Fraudsters often target older and more vulnerable people, particularly since changes in pension regulations mean that over-50s now have access to their retirement savings.
So how do you spot an investment scam? Our guide looks at what investment scams are, how to spot them, and what to do if you are the victim of such a scam.
What is an investment scam?
Investment scams are designed to get innocent people to hand over money. Most seem legitimate, and many can be so convincing that even professional investors have fallen victim to them.
Investment scams tend to have one thing in common: they offer high investment returns for minimal risk. They tend to have one or more common elements, including:
- Companies ‘cold calling’ you, sending you unsolicited emails or sending brochures through the post. You will often be contacted out of the blue.
- Companies are calling you repeatedly and keeping you on the telephone for a long time.
- Pressurising you into making a quick decision, often by setting a time limit or by offering you incentives to invest by a particular date. You will often be given no time to consider the nature of the investment thoroughly.
- Suggesting that you will benefit from excellent returns, often better than alternative investments.
- Understating the risks associated with an investment, for example by confusing you with jargon or failing to explain the downsides.
- Claiming the opportunity is only available to you, or asking you not to share the details with others.
Often, the resources that you are investing in don’t exist or are worthless. For example, you may buy land that has no potential for development, or rare stones that aren’t worth as much as they sound.
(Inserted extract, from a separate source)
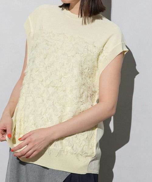 ■2025 SPRING SUMMER collection■ ジャガードのフリンジが今年らしいフリンジニット 抜け感をつくりだすゆとりあるサイジング 前身頃は、ジグザグのジャガード編みの上下2配色仕様で、それぞれ端始末を糸フリンジにしているデザインのニットベスト。 後身頃は、同糸を甘く天竺編みにして、シアー感のあるデザインにギャザーをいれ裾に向けてフレアが広がるAラインシルエットになります。 ロンTやTシャツと合わせて、ベストとして着用したり、1枚で着用したりロングシーズン使えるアイテムです。 【DESIGN】 ■1枚でも着やすい開きの少ないクリブ編みクルーネック ■肩より少しドロップするスリーブ ■後下がりの長めの着丈 ■トライバル柄なフリンジジャガードが、夏らしい印象 【MATERIAL】 微光沢のレーヨンナイロン混合糸を12G、2本取りで甘めに天竺編みで編立てています ・強撚糸の為、甘めに編んでも、ダラっとせずに、しっかりした編地に仕上がり伝線しにくい ・シャリっとしたドライ感が涼し気で春夏ニットに適した糸 夏ニットに適した糸 ・トップ糸は、麻のようなナチュラルな印象 -------------------------- 裏地:なし 光沢感:微光沢あり 透け感:あり 伸縮性:あり 生地の厚さ:薄手 ケア方法:ホームクリーニング(手洗い) -------------------------- ◆お取り扱いについては商品についております品質表示にてご確認下さい。 *光のあたり具合いやパソコンなどのモニター環境によって実際の色味と異なって見える場合がございます。予めご了承ください。 *撮影時はサンプルの為、若干のデザイン変更等ある場合がございます。予めご了承ください。 <INFORMATION> ◆商品のお気に入り登録お気に入り登録していただいた商品は、完売商品の再入荷通知やラスト1点の通知、またクーポン発行やタイムセールの通知もお届け!ぜひご登録してください。 ◆ショップ・ブランドのお気に入り登録新商品や再入荷、ショップ・ブランドのお得な情報をいち早お届け!ぜひご登録してください。

How to check whether an investment is legitimate
If you have been offered a financial investment and you want to make sure it is genuine, there are three steps that you can take.
Head online to research the company
The first step you should take is to check out the company online. Even if the company has an authentic website, there are tell-tale signs that it might not be legitimate. For example, does it have a UK address? If it does, put it into Google Streetview as often you will discover that it is just a mailing address.
Look for other businesses which are at the same location and for the names of individuals connected to the company. Conduct an online search for these to see if any issues arise.
Check the FCA Register
The FCA register at http://www.fca.org.uk/register lists financial services firms and individuals that are authorised by the FCA to do business in the UK. It is a list of companies who are registered to undertake regulated activities.
If the company you are speaking to claims to be an ‘introducer’ to an authorised firm, they should also be authorised.
If you invest in an unregulated company and you lose your money, you cannot claim compensation, even if they promised to invest it with a regulated business.
You can also check the FCA’s list of unauthorised firms and those which are of concern to foreign regulators.
Use the Companies House website to check a company’s credentials
Head to the Companies House website to research the business. This website offers a free WebCheck service, and you can also retrieve documents about a company for a small fee.
What you should do if you are the victim of an investment scam
Investment scams are often difficult to spot because they look authentic and, often, have very professional brochures and websites.
However, if you do fall victim to a scam, it’s important that you report it. By doing so, you may help other people to avoid falling for the same scam, and it can lead to the prosecution of the fraudsters.
ActionFraud is the UK’s national fraud and cyber crime reporting centre. You can report investment fraud using their simple online reporting tool, or you can call 0300 123 2040.